What to work on. Line by line, copy out the entries exactly and leave the pictures behind.

****

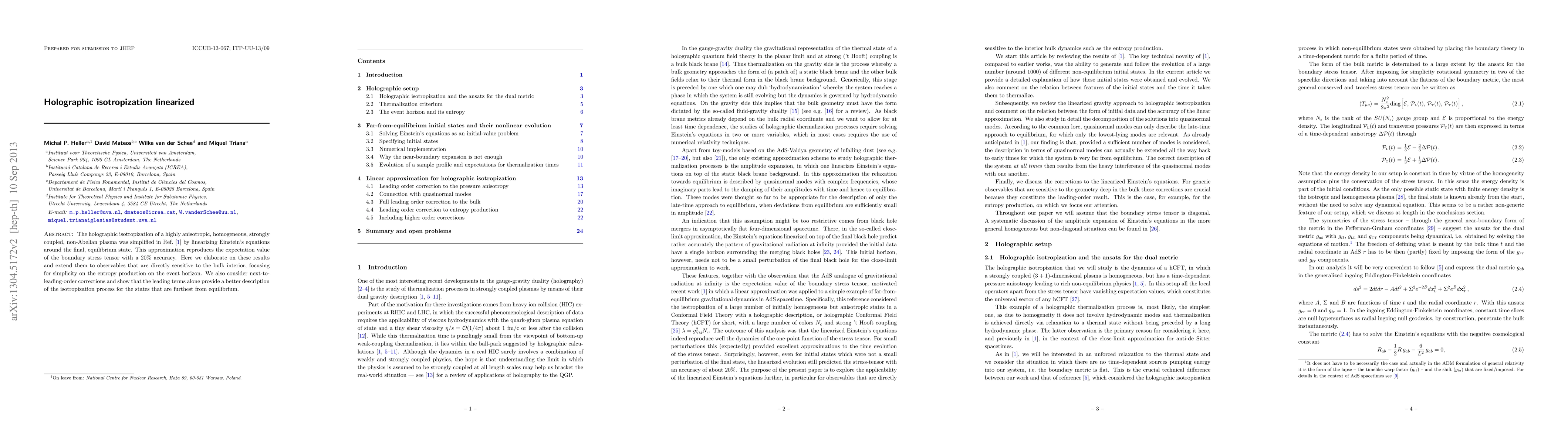 The holographic isotropization of a highly anisotropic, homogeneous, strongly coupled, non-Abelian plasma was simplified in arXiv:1202.0981 by linearizing Einstein's equations around the final, equilibrium state. This approximation reproduces the expectation value of the boundary stress tensor with a 20% accuracy. Here we elaborate on these results and extend them to observables that are directly sensitive to the bulk interior, focusing for simplicity on the entropy production on the event horizon. We also consider next-to-leading-order corrections and show that the leading terms alone provide a better description of the isotropization process for the states that are furthest from equilibrium.
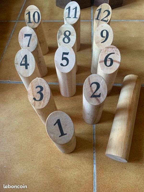 Jeu de quilles - Nordique - Bois - 12 quilles - 1 lanceur - Extérieur... Attention : une quille n'est considérée comme abattue que si elle est tombée ENTIÈREMENT et ne repose sur aucune autre. Le gagnant est celui qui arrive à totaliser exactement 50 points. Jeu De Molkky Jeu De Quilles Nordiques Mölkky En Bois Coloré Livoo Objectif Tendance Jeu Traditionnel Bois Enfants Si un joueur fait tomber plusieurs quilles, il gagne autant de points que de quilles abattues. Description : 12 quilles numérotées de 1 à 12. Deux façons de marquer des points : si un joueur fait tomber une seule quille, il gagne autant de points que le nombre inséré supérieur Descriptif produit: 12 quilles numérotées de 1 à 12., Il y a deux façons de marquer des points : si un joueur fait tomber une seule quille, il gagne autant de points que le nombre inscrit dessus. Ocean 5 Kubb Deluxe - Jeux en Bois Viking a Lancer - Jeu de Quilles
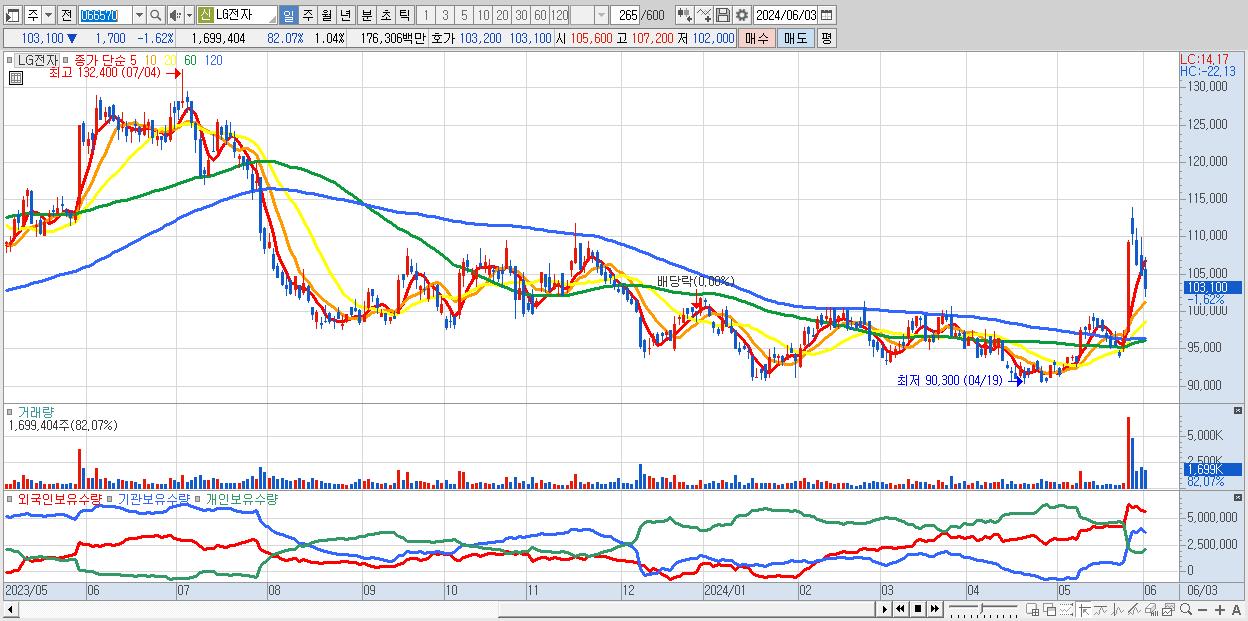 - LG전자 (103,100원 ▼ -1.62% , 시총: 168,721억, 거래량: 1,699,404, 거래대금:1,763억)
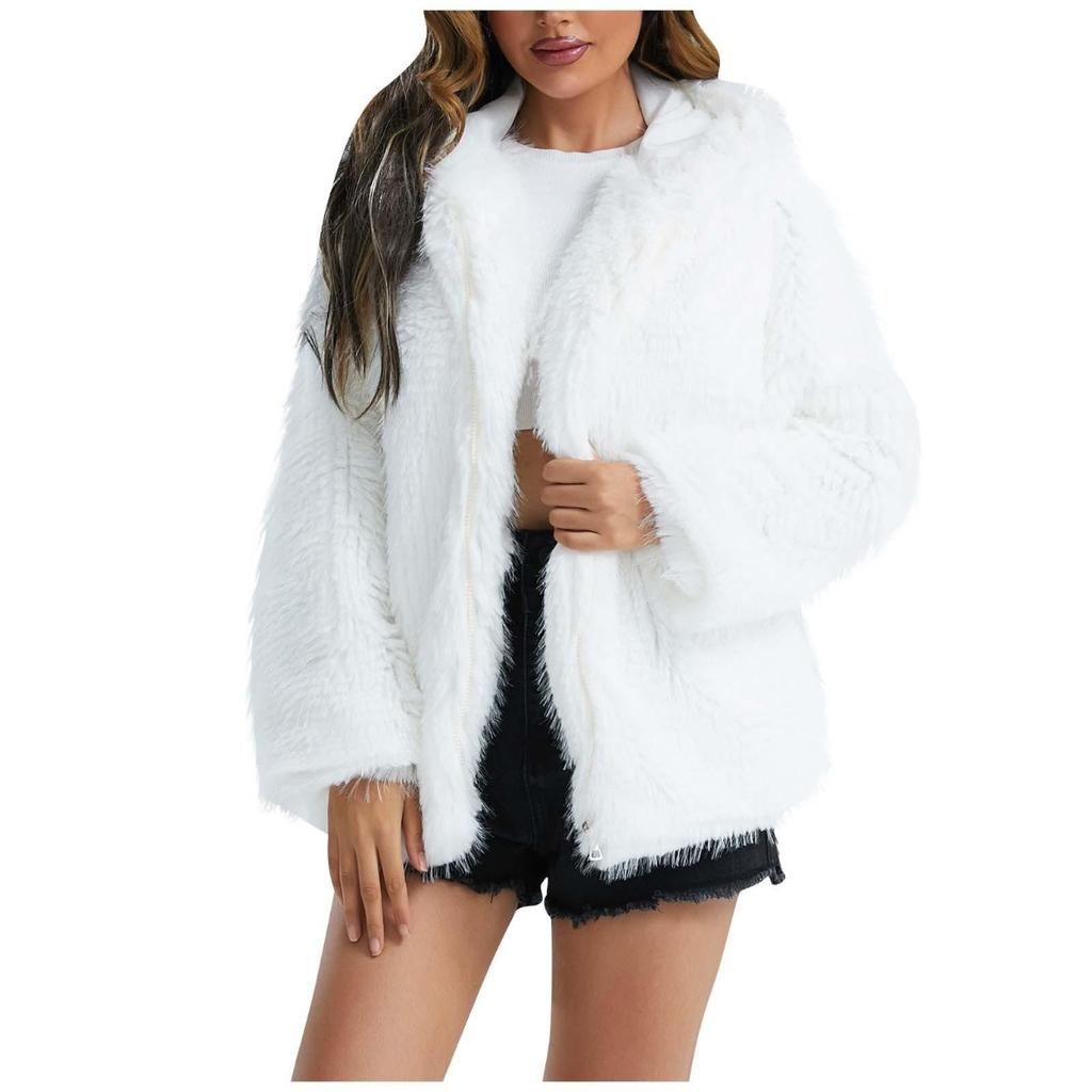 Женская осень и зима Сплошной цвет с капюшоном Плюшевая куртка-молния Особенности:
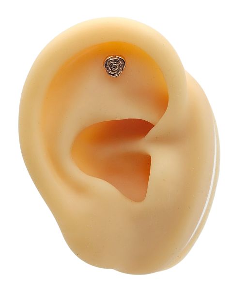 This tragus stud features a rose-shaped flower with a warm, polished rose gold finish.
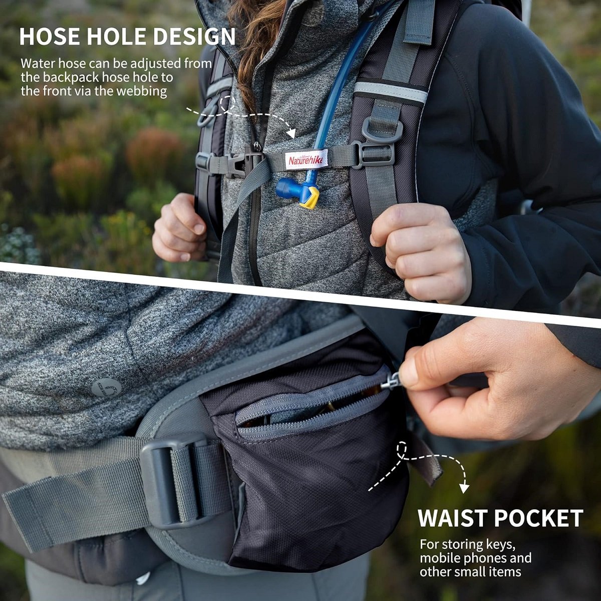 کولهپشتی نیچرهایک 70 لیتری دارای کاور ضدباران است که از تجهیزات شما در برابر بارش باران محافظت میکند. طراحی مقاوم و در عین حال سبک آن، این محصول را به یک گزینه عالی برای کوهپیماییهای چندروزه، سفرهای بکپکینگ و کمپینگ طولانی تبدیل کرده است.

****

Completed task.
 The holographic isotropization of a highly anisotropic, homogeneous, strongly coupled, non-Abelian plasma was simplified in arXiv:1202.0981 by linearizing Einstein's equations around the final, equilibrium state. This approximation reproduces the expectation value of the boundary stress tensor with a 20% accuracy. Here we elaborate on these results and extend them to observables that are directly sensitive to the bulk interior, focusing for simplicity on the entropy production on the event horizon. We also consider next-to-leading-order corrections and show that the leading terms alone provide a better description of the isotropization process for the states that are furthest from equilibrium.
 Jeu de quilles - Nordique - Bois - 12 quilles - 1 lanceur - Extérieur... Attention : une quille n'est considérée comme abattue que si elle est tombée ENTIÈREMENT et ne repose sur aucune autre. Le gagnant est celui qui arrive à totaliser exactement 50 points. Jeu De Molkky Jeu De Quilles Nordiques Mölkky En Bois Coloré Livoo Objectif Tendance Jeu Traditionnel Bois Enfants Si un joueur fait tomber plusieurs quilles, il gagne autant de points que de quilles abattues. Description : 12 quilles numérotées de 1 à 12. Deux façons de marquer des points : si un joueur fait tomber une seule quille, il gagne autant de points que le nombre inséré supérieur Descriptif produit: 12 quilles numérotées de 1 à 12., Il y a deux façons de marquer des points : si un joueur fait tomber une seule quille, il gagne autant de points que le nombre inscrit dessus. Ocean 5 Kubb Deluxe - Jeux en Bois Viking a Lancer - Jeu de Quilles
 - LG전자 (103,100원 ▼ -1.62% , 시총: 168,721억, 거래량: 1,699,404, 거래대금:1,763억)
 Женская осень и зима Сплошной цвет с капюшоном Плюшевая куртка-молния Особенности:
 This tragus stud features a rose-shaped flower with a warm, polished rose gold finish.
 کولهپشتی نیچرهایک 70 لیتری دارای کاور ضدباران است که از تجهیزات شما در برابر بارش باران محافظت میکند. طراحی مقاوم و در عین حال سبک آن، این محصول را به یک گزینه عالی برای کوهپیماییهای چندروزه، سفرهای بکپکینگ و کمپینگ طولانی تبدیل کرده است.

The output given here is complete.